Requirement
Copy exactly the lines of the material below that fall between the line with "Vishal Prints Peach" and the line with "Robe Bustier Moulante", both of those lines included; pictures stay out.

Extracted material
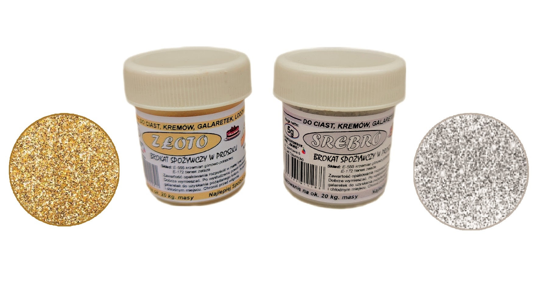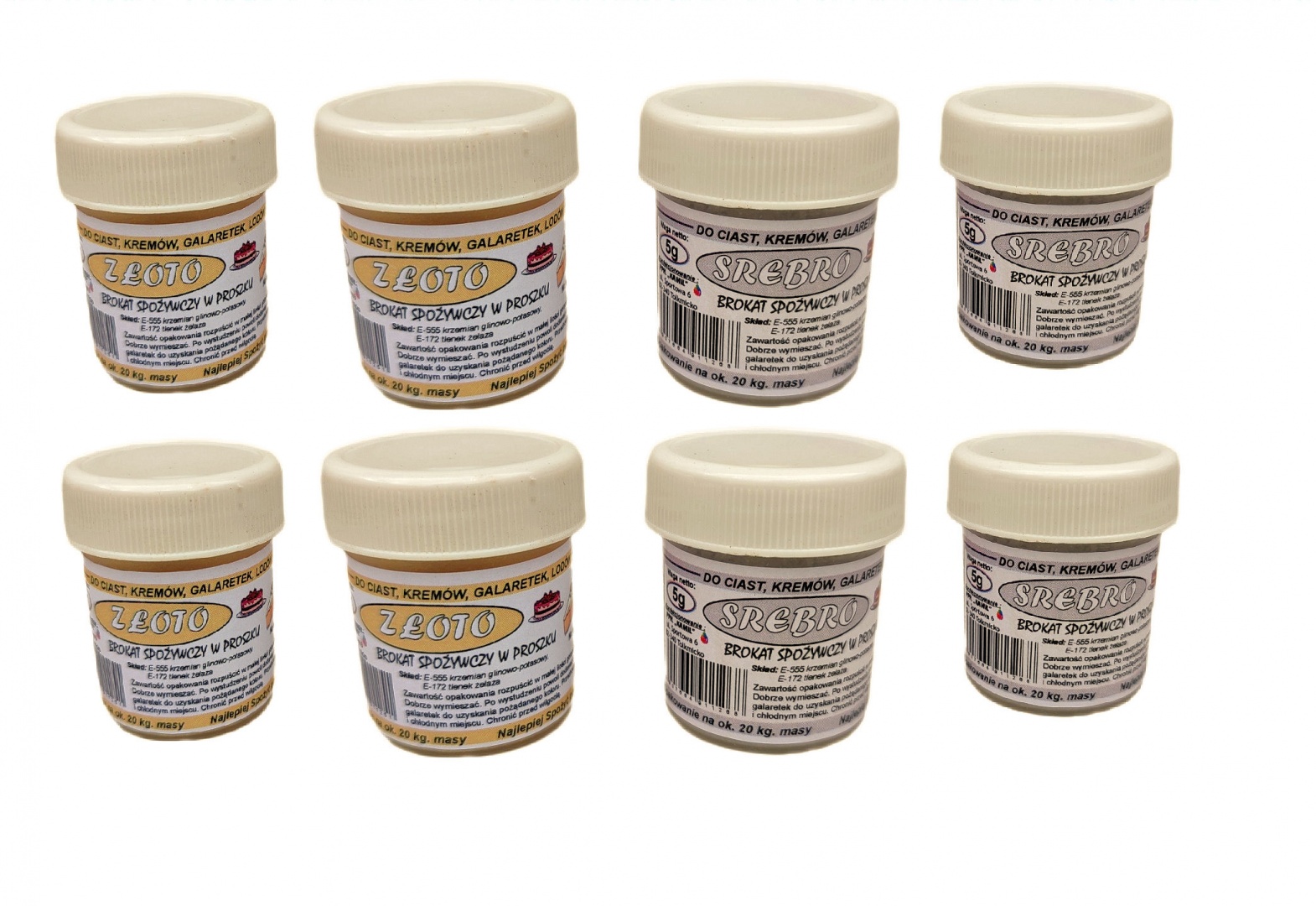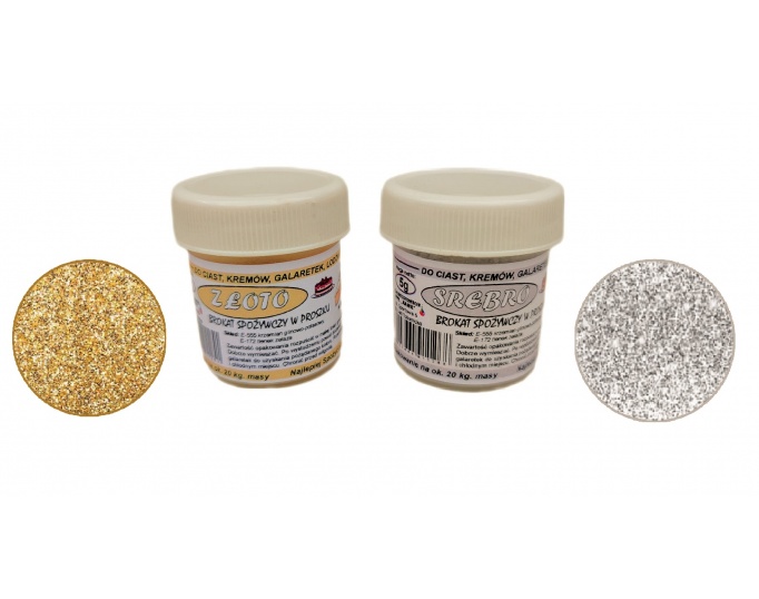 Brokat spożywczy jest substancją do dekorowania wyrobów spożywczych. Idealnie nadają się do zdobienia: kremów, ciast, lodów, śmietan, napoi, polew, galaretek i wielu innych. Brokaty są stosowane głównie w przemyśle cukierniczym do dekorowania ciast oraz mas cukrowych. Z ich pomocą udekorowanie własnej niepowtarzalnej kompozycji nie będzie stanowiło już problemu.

--

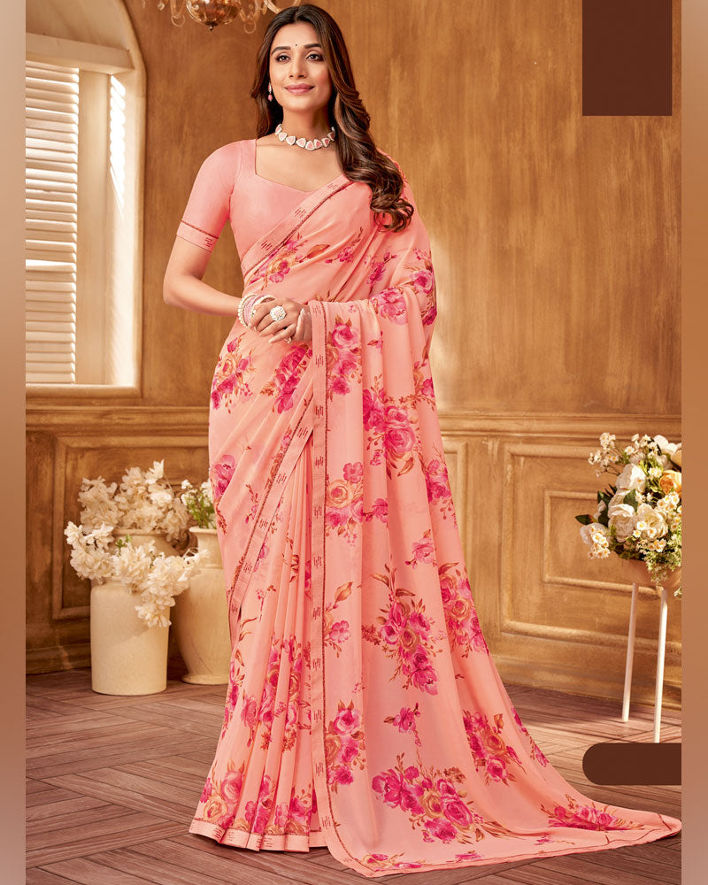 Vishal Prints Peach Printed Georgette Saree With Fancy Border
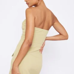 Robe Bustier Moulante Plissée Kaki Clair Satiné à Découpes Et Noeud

Solution
 Vishal Prints Peach Printed Georgette Saree With Fancy Border
 Robe Bustier Moulante Plissée Kaki Clair Satiné à Découpes Et Noeud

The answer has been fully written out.